Leal Thiago Peixoto, Furlan Vinicius C, Gouveia Mateus Henrique, Saraiva Duarte Julia Maria, Fonseca Pablo As, Tou Rafael, Scliar Marilia de Oliveira, Araujo Gilderlanio Santana de, Costa Lucas F, Zolini Camila, Peixoto Maria Gabriela Campolina Diniz, Carvalho Maria Raquel Santos, Lima-Costa Maria Fernanda, Gilman Robert H, Tarazona-Santos Eduardo, Rodrigues Maíra Ribeiro
Departamento de Genética, Ecologia e Evolução, Instituto de Ciências Biológicas, Universidade Federal de Minas Gerais, Belo Horizonte, MG, Brazil.
Lerner Research Institute, Genomic Medicine, Cleveland Clinic, Cleveland, OH, United States.
Comput Struct Biotechnol J. 2022 Apr 9;20:1821-1828. doi: 10.1016/j.csbj.2022.04.009. eCollection 2022.
Genetic and omics analyses frequently require independent observations, which is not guaranteed in real datasets. When relatedness cannot be accounted for, solutions involve removing related individuals (or observations) and, consequently, a reduction of available data. We developed a network-based relatedness-pruning method that minimizes dataset reduction while removing unwanted relationships in a dataset. It uses node degree centrality metric to identify highly connected nodes (or individuals) and implements heuristics that approximate the minimal reduction of a dataset to allow its application to complex datasets. When compared with two other popular population genetics methodologies (PLINK and KING), NAToRA shows the best combination of removing all relatives while keeping the largest possible number of individuals in all datasets tested and also, with similar effects on the allele frequency spectrum and Principal Component Analysis than PLINK and KING. NAToRA is freely available, both as a standalone tool that can be easily incorporated as part of a pipeline, and as a graphical web tool that allows visualization of the relatedness networks. NAToRA also accepts a variety of relationship metrics as input, which facilitates its use. We also release a genealogies simulator software used for different tests performed in this study.

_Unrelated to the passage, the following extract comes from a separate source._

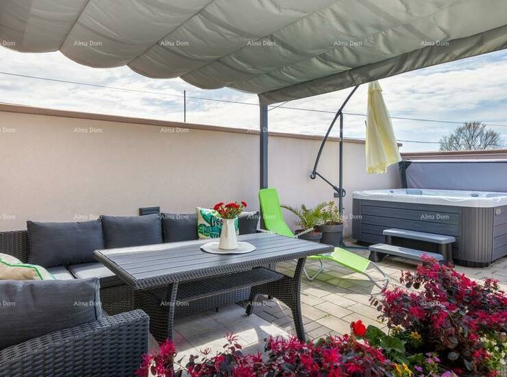 Unutarnje stepenice vode na polukat kuće gdje se nalazi prostrani dnevni boravak te terasom od cca 8 m2, još jednim unutarnjim stepenicama se ide na 1. kat kuće gdje se nalaze dvije spavaće sobe te kupaonica.

遗传分析和组学分析常常需要独立观测值,但实际数据集中并非总能保证这一点。当无法考虑亲缘关系时,解决办法包括剔除相关个体(或观测值),结果是可用数据减少。我们开发了一种基于网络的亲缘关系修剪方法,该方法在剔除数据集中不必要的关系时,能将数据集的减少程度降至最低。它使用节点度中心性指标来识别高度连接的节点(或个体),并实施启发式算法,近似最小化数据集的减少,以使其能应用于复杂数据集。与其他两种流行的群体遗传学方法(PLINK和KING)相比,NAToRA在所有测试数据集中,展现出在剔除所有亲属关系的同时保留尽可能多个体的最佳组合,并且在等位基因频率谱和主成分分析方面,与PLINK和KING具有相似的效果。NAToRA既可以作为一个可轻松整合到流程中的独立工具免费获取,也可以作为一个能可视化亲缘关系网络的图形化网络工具免费获取。NAToRA还接受多种关系指标作为输入,这便于其使用。我们还发布了用于本研究中不同测试的系谱模拟器软件。